Crédits : © Superscript2

Fig. 1 : Édition 2013 –

VINCENT CARRY DIRECTEUR DU FESTIVAL NUITS SONORES. - POUVEZ-VOUS, EN QUELQUES MOTS, PRÉSENTER LE FESTIVAL ? Nuits Sonores est historiquement un festival de culture électronique et indépendante. Mais au fil des éditions il est devenu de plus en plus ouvert, trandisciplinaire. Il est devenu un hub pour tous les projets et toutes les formes créatives innovantes. Sa plus grande singularité, c’est son urbanité.
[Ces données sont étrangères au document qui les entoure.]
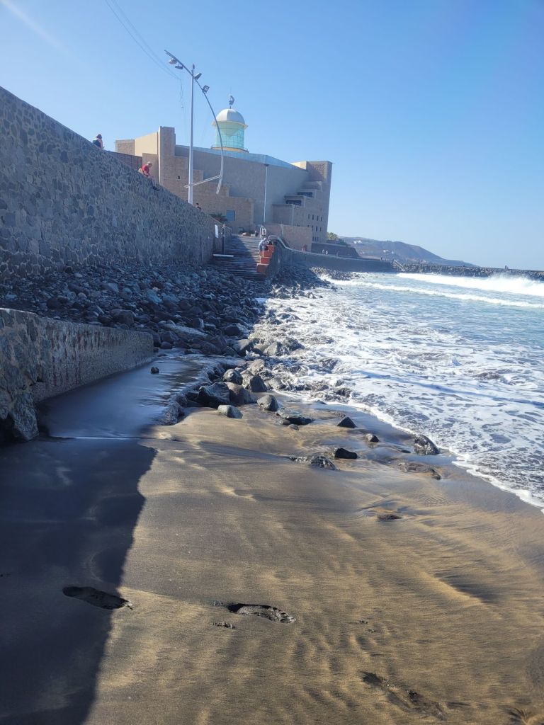Las Palmas has a charming old town, a very touristy city beach district and an awful lot of modern development. Over the years, there has been some ‘re-formation’ with the coastline being extended into the sea in order to provide a coastal motorway to the docks. This extension of land surface started in the late 19th century, when the isthmus of sand connecting La Isleta was built up to provide for a bigger port.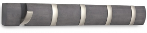 Стильная и прочная вешалка интересной формы. Имеет 5 откидных алюминиевых крючов: когда они не используются, то складываются внутрь, превращая конструкцию в абсолютно гладкую поверхность. Идеально для маленьких прихожих и ограниченных пространств. Каждый крючок выдерживает вес до 2,3 кг.

Le festival investit le territoire de Lyon pendant une petite semaine, son espace public, les fleurons de son patrimoine architectural et industriel. - DE QUOI ÊTES-VOUS LE PLUS FIER DANS LE PROJET NUITS SONORES ? De l’intégrité globale du projet et de son intransigeance artistique. Une intransigeance et une liberté dans la programmation qui est rendue possible par la confiance que le public nous accorde. Nous sommes un des rarissimes festivals qui n’est pas obligé d’envoyer des cachets indécents pour finir avec un empilement de têtes d’affiche sans queue ni tête. Ce n’est pas ce qu’attend le public de Nuits sonores. Ce public est curieux et exigeant. C’est à la fois une chance et une grosse pression ! - QUELS SONT LES IMMANQUABLES DE CETTE ANNÉE ? Je défends toujours ” l’objet ” Nuits sonores dans sa globalité et dans sa cohérence. Mais si je devais donner quelques coups de cœur, je dirais le live audiovisuel de Breton le mercredi soir et Dj Harvey le samedi soir, les deux aux usines Brossette. Ou en journée aux Subsistances, Anika le jeudi, Planetary Assault Systems le vendredi, et bien sûr le bal2Vieux le dimanche après-midi, avec Moustic, Rémy Kolpa et mon pote Jackie Berroyer.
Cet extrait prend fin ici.